- _Input for this task_:

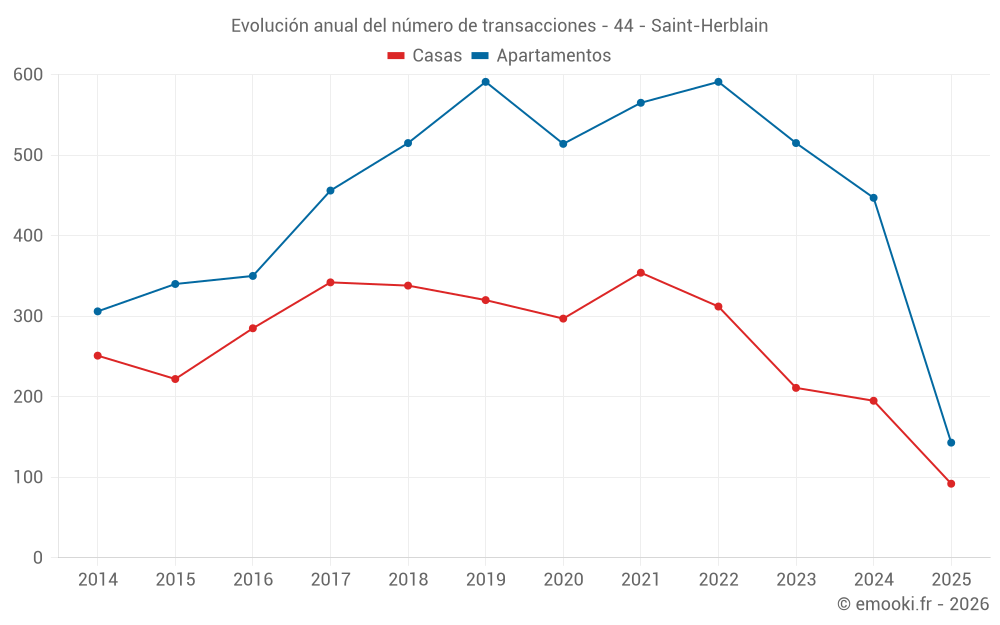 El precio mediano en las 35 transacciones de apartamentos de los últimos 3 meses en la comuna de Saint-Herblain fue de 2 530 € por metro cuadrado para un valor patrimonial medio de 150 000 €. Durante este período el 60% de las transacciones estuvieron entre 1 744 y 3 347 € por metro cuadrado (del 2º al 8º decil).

* * *

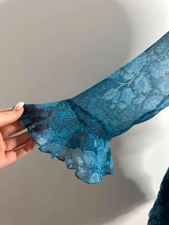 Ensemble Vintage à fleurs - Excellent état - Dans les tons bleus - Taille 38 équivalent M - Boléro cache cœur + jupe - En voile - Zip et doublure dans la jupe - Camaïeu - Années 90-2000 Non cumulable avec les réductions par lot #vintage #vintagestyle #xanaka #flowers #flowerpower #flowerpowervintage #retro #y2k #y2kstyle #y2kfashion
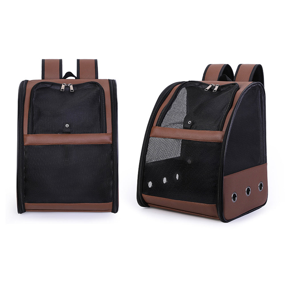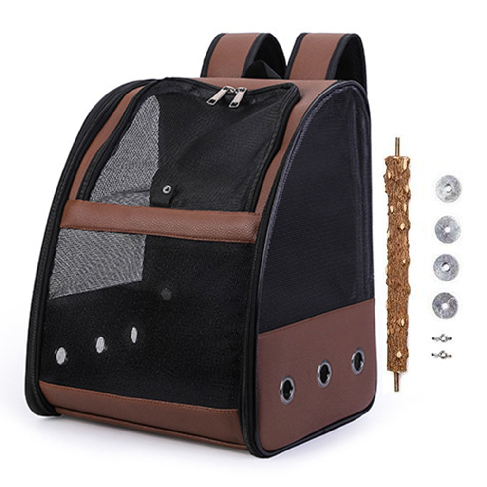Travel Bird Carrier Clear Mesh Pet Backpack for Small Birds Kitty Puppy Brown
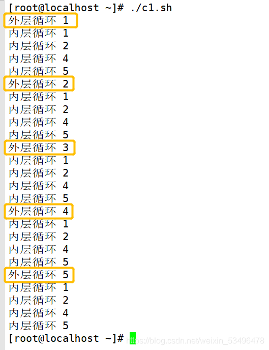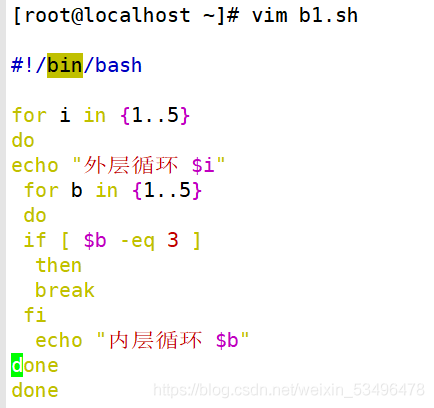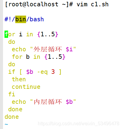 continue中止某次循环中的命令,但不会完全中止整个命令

- _Requirement_: The answer is the lines of the material above, from the one containing "Travel Bird Carrier" down to the one containing "continue中止某次循环中的命令,但不会完全中止整个命令", given exactly and without images.

- _Written solution_:
Travel Bird Carrier Clear Mesh Pet Backpack for Small Birds Kitty Puppy Brown
 continue中止某次循环中的命令,但不会完全中止整个命令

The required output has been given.